Wolfhagen, J. (2020). Re-examining the use of the LSI technique in zooarchaeology. Journal of Archaeological Science, 123: 105254. doi:10.1016/j.jas.2020.105254.


Cite as: http://hdl.handle.net/21.11116/0000-0007-4BC2-A
Abstract
Biometric analysis of faunal remains is crucial for estimating the age/sex composition of assemblages and exploring large-scale processes that affected animal biology in the past. The LSI technique is a premier method for examining biometry in different zooarchaeological scenarios, particularly domestication research and regional-scale surveys. Despite the technique's popularity, several early arguments describing limitations or concerns about the LSI technique still impact interpretations and applications today. More generally, though, the LSI technique is treated as a method of increasing sample sizes as a last resort when unmodified measurements are too scarce to use. This paper re-examines the theoretical foundations of the LSI technique to update best practices in LSI analyses in zooarchaeology. Redefining the LSI technique as a pseudo-centering process shows why LSI values are preferable to unmodified measurements for biometric analyses. This new definition also highlights the arbitrary nature of standard animal and logarithm base choice, though certain decisions (smaller standard animals and base e logarithms) can aid interpretation by closely linking changes in LSI values to proportional changes of the original measurements relative to the standard. Of more consequence on LSI analyses, however, is the way to aggregate LSI values from different measurement types; this paper shows how multilevel modeling uses partial pooling to balance the trade-offs of bias and variance caused by aggregation.
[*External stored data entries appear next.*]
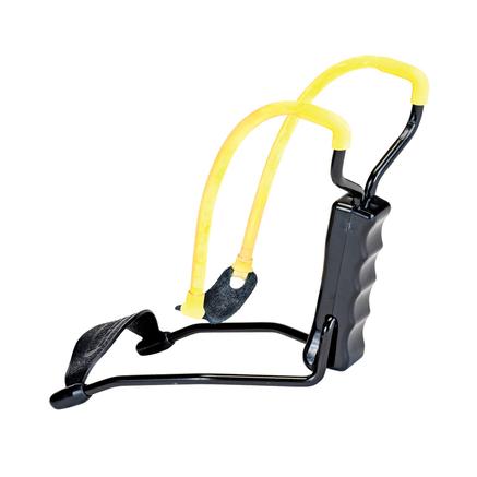 The Daisy Model B52 Slingshot sends your ammo at high speeds toward your target. The flexible wrist support is the key to providing steady and stable support for accurate shots. This wrist support then folds away for compact storage. Also features a molded sure-grip handle and a solid steel frame with extra-wide fork. Surgical latex rubber tubing and a rugged release pouch rounds out this powerful slingshot.
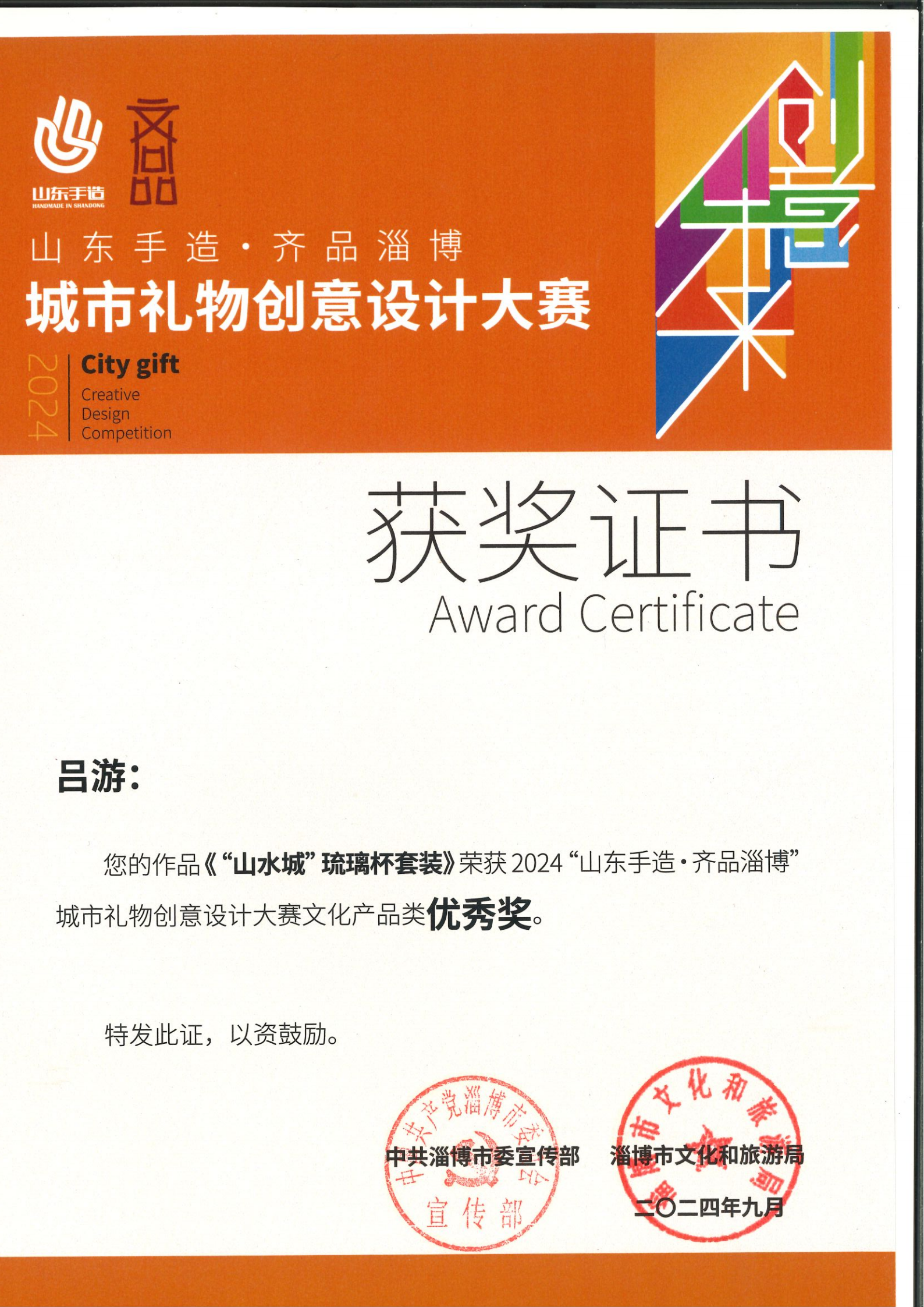 山东手造·齐品淄博 城市礼物创意设计大赛文化产品类优秀奖 作品作者:中央美术学院 吕游 指导教师:中央美术学院 胡汉华 若以“山、水、城”三字凝练淄博文化之精髓,则需深入其肌理,探寻其内在之美学与哲思。 作品以淄博“山、水、城”为灵感进行造型设计,加入了淄博地图、水文、山川等肌理元素。 淄博之城,是山与水的结晶,是自然与人文的交融。城之繁华,映射出淄博文化的开放与进取,它以一种生生不息的力量,推动着这座城市向着更加辉煌的未来迈进。“山、水、城”三者相辅相成,共同构筑了淄博文化的立体图景。山之沉稳、水之灵动、城之繁华,交织出一幅充满力量与美感的画卷,彰显了淄博文化的独特魅力与深远影响。
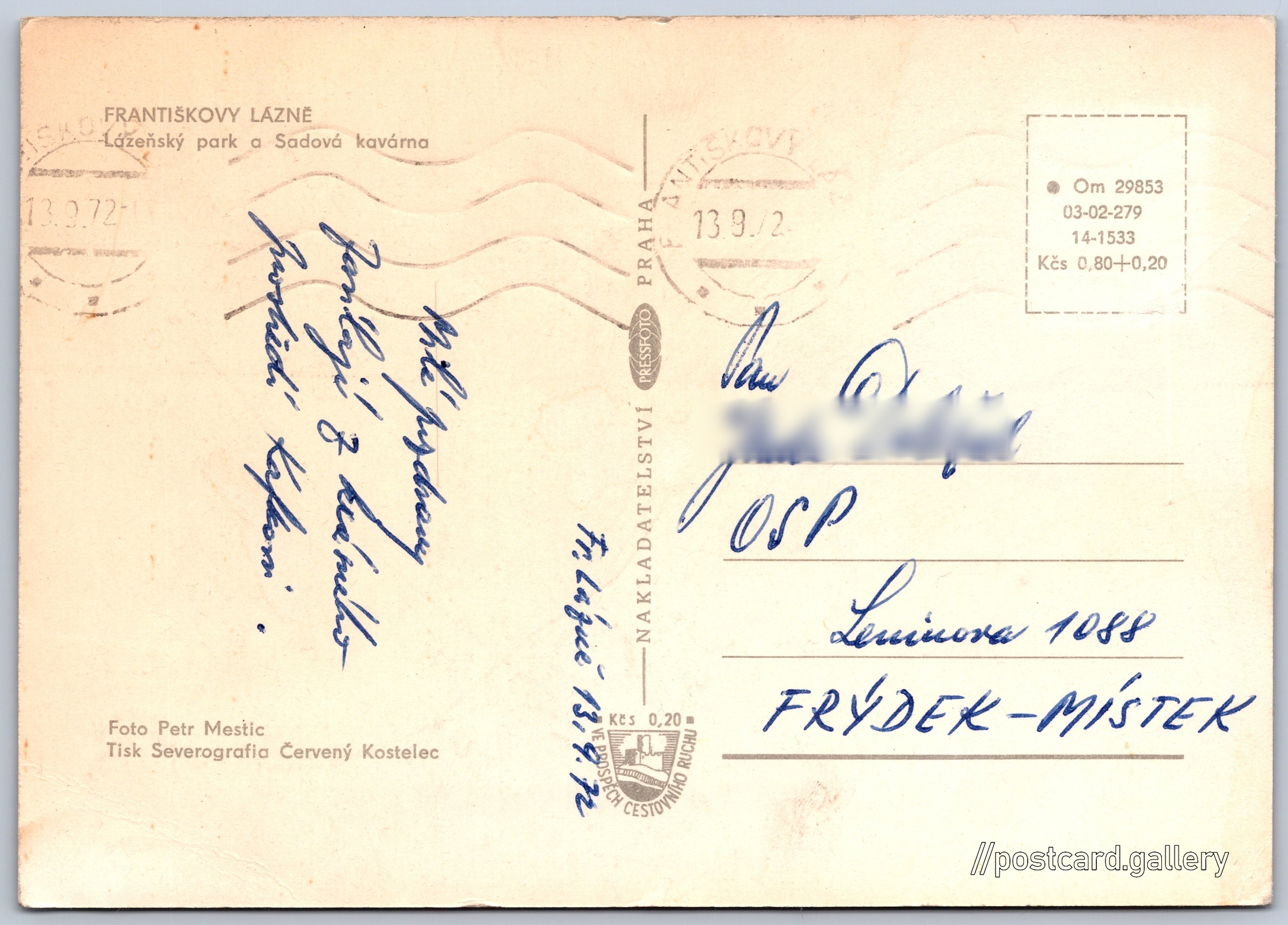 Františkovy Lázně, park a Sadová kavárna 3/49 Pokud chcete vidět pohlednice ve vyšším rozlišení nebo zobrazovat jejich zadní stranu, tak se prosím nejdříve přihlašte Přihlásit Zaregistrovat FRANTIŠKOVY LÁZNĚLázeňský park a Sadová kavárna Jazyk tištěného textu na pohlednici: čeština Restaurace - Kavárna Sadová, Ruská 60/1, Františkovy Lázně, Česko ukázat na mapě V blízkém okolí místa zobrazeného na pohlednici lze najít 50 jiných pohlednic. Zobrazit blízké pohlednice Vydavatel: PressFoto Praha (Československo) Rok vydání pohlednice: 1972 Velikost (š x v) a tvar pohlednice: 148 x 105 mm (5.83" x 4.13"), obdélník Osoby spjaté s touto pohlednicí: Petr Mestic(Autor fotografie) Prošlá poštou:Datum na razítku: 13.9.1972Datum napsání pohledu: 13.9.1972 Ceny: Cena pohlednice: 0,80 Kčs (CSK) (+0,20 Kčs přípl. na tur. ruch) Kódy na pohlednici: •Om 29853 03-02-279 14-1533 DiskuseVložit příspěvek Přidat novou složku ... Spravovat složky ...
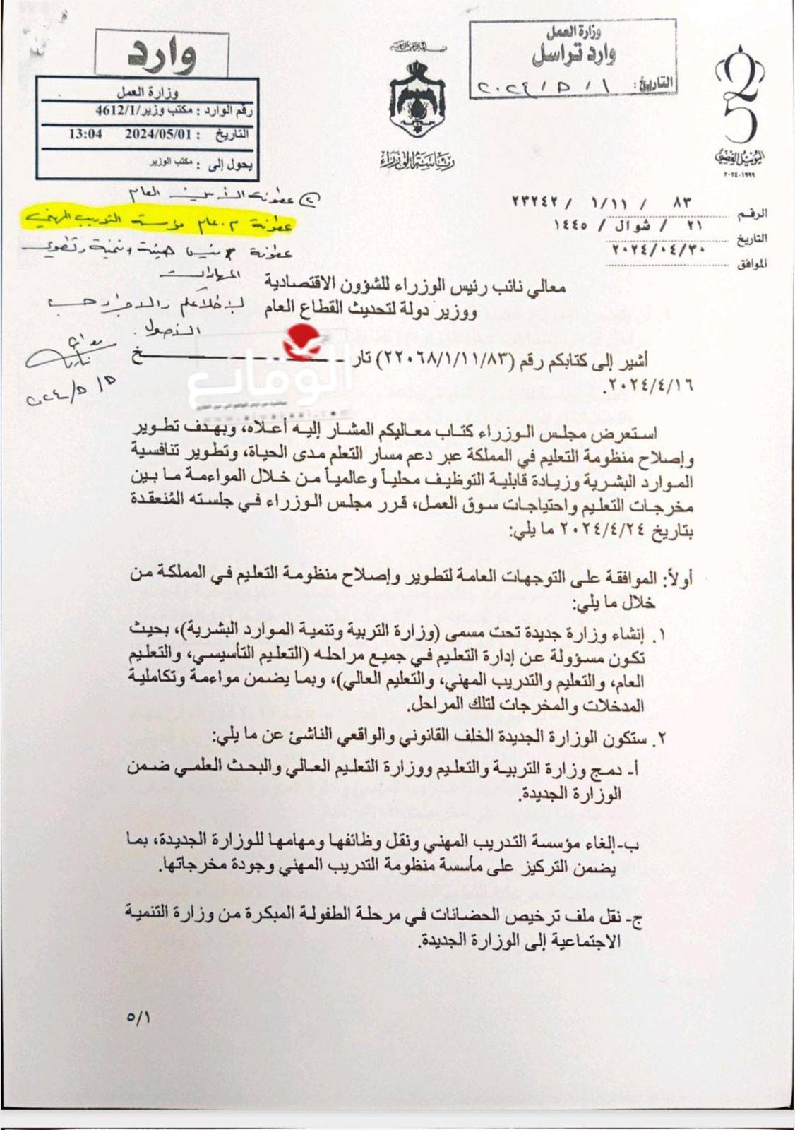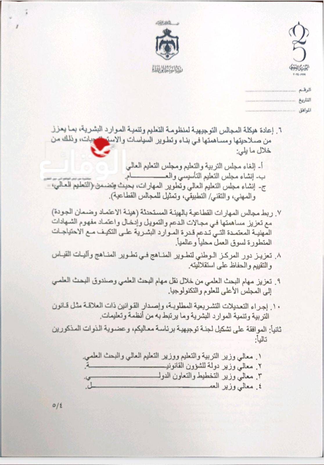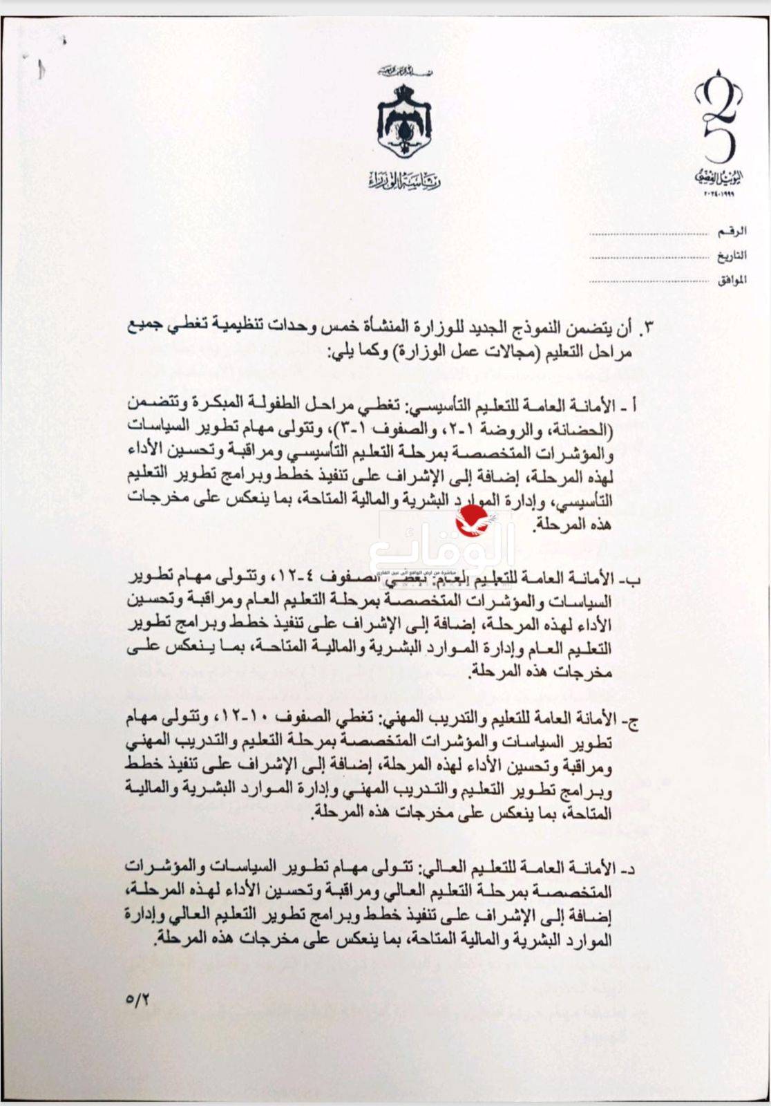 الاردن.. دمج وزارتي "التربية" "والتعليم العالي" (وثائق وتفاصيل)
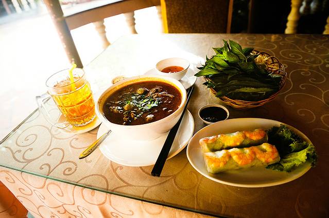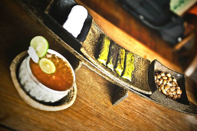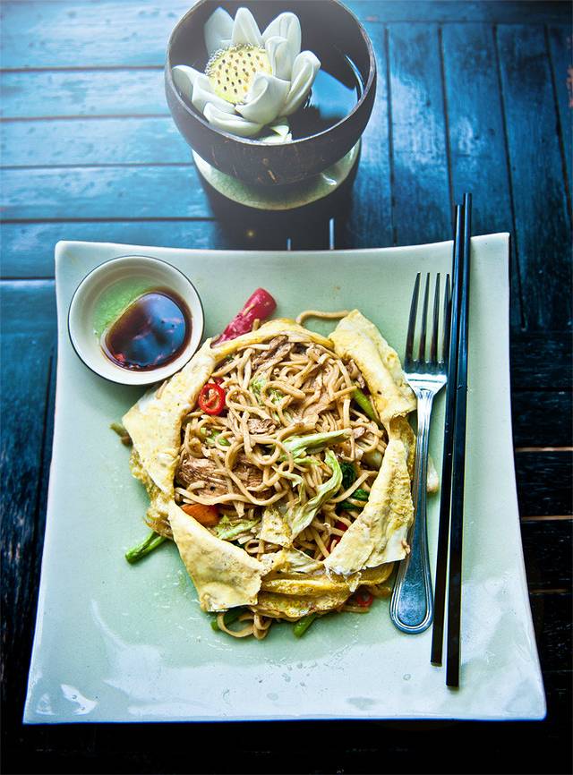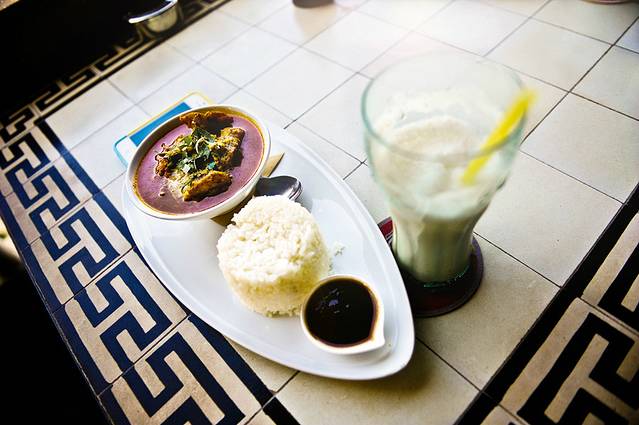 点了份汤汁浓郁的咖啡鸡饭和酥脆可口的柬式春卷,再要了一个新鲜的椰果,

To showcase the benefits of the Bayesian multilevel LSI model, the biometric variation of ten simulated sites using a reference set of Shetland sheep measurements (Popkin Peter et al., 2012). Modeling all ten sites within a single multilevel structure provides a clear way to evaluate biometric differences while accounting for potential allometries and variation in body part representation between different sites. These results clarify earlier arguments about the limitations of the LSI technique, summarized in a set of best practices for LSI applications.